LanesP1, P2 and P3 represent genomic DNAs isolated from Bacillus sp.; lanes 4, 5 and 6 from Acinetobacter sp. P1, P2, P3 represent the three novel single-chemical isolated genomic DNAs using ethanol, hydrogen peroxide and phenol, respectively.
Figure 3.
Single set of primers was used to amplify a target sequence using three different protocols for Acinetobacter sp. and Bacillus sp. samples. Amplification was verified in all three protocols and the intensity of the bands was enough for further molecular approaches.
5. Discussion
The focus of genomic DNA extraction methods has been on rapid function of molecular techniques, avoiding extensive purification steps (13,14 ). The described methods including PCR can successfully act from both ends to detection the novel pathogenic bacteria and their phylo genetic taxa. Acinetobacter sp. and Bacillus sp. were amplified using a single set of primers, forward and reverse, with a reaction mixture combination, and gel electrophoresis was run afterwards. Figure 3 represented three different novel amplification protocols for identification of two waterborne pathogenic bacteria, Acinetobacter sp. (first three lanes) and Bacillus sp. (second three lanes). After that, the genus level was identified by 16s rRNA sequencing and Acinetobacter sp. (GU 566361) and Bacillus sp. (GU 566359) were identified as the nearest taxa using the BLAST analysis.
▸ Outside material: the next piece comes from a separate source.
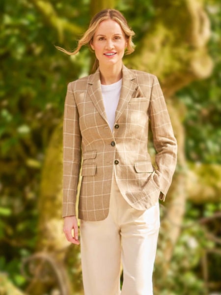 • Linnen Dames Jasje Carola In The Beige Window Check
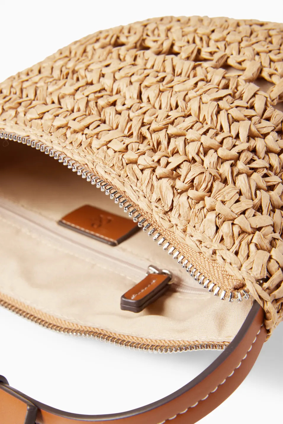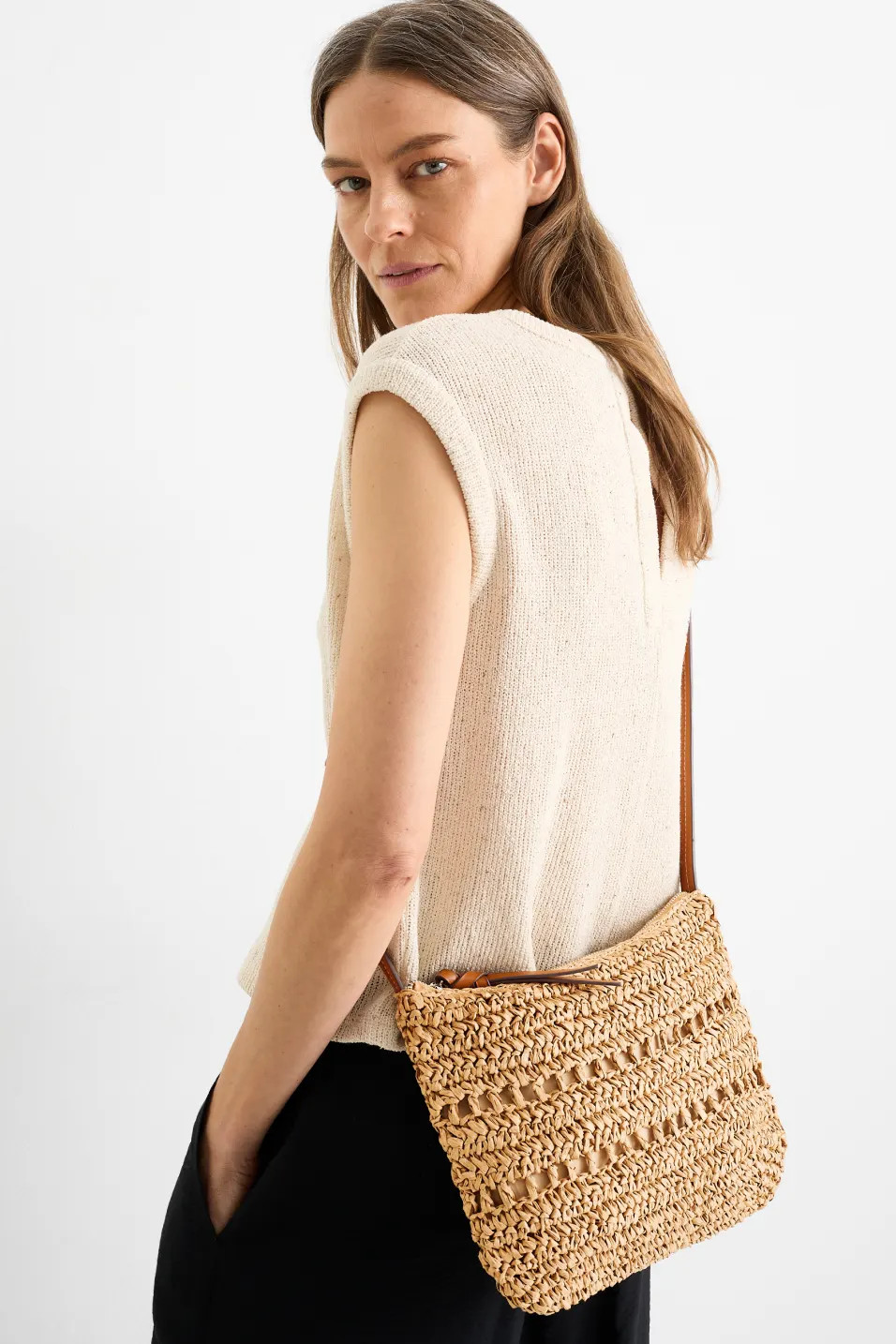 Straw shoulder bag with a perforated pattern. Zippered main compartment, lightweight lining, and a small zippered pocket. Adjustable faux leather strap.

Novel protocols have always had an authentic role in medical molecular biology and diagnoses of novel pathogenic bacteria. The present study on Acinetobacter sp. and Bacillus sp.is a proof that we can achieve high yields of genomic DNA and conduct a diagnostic study of novel pathogenic bacteria as well as their identification and amplification at the genus level.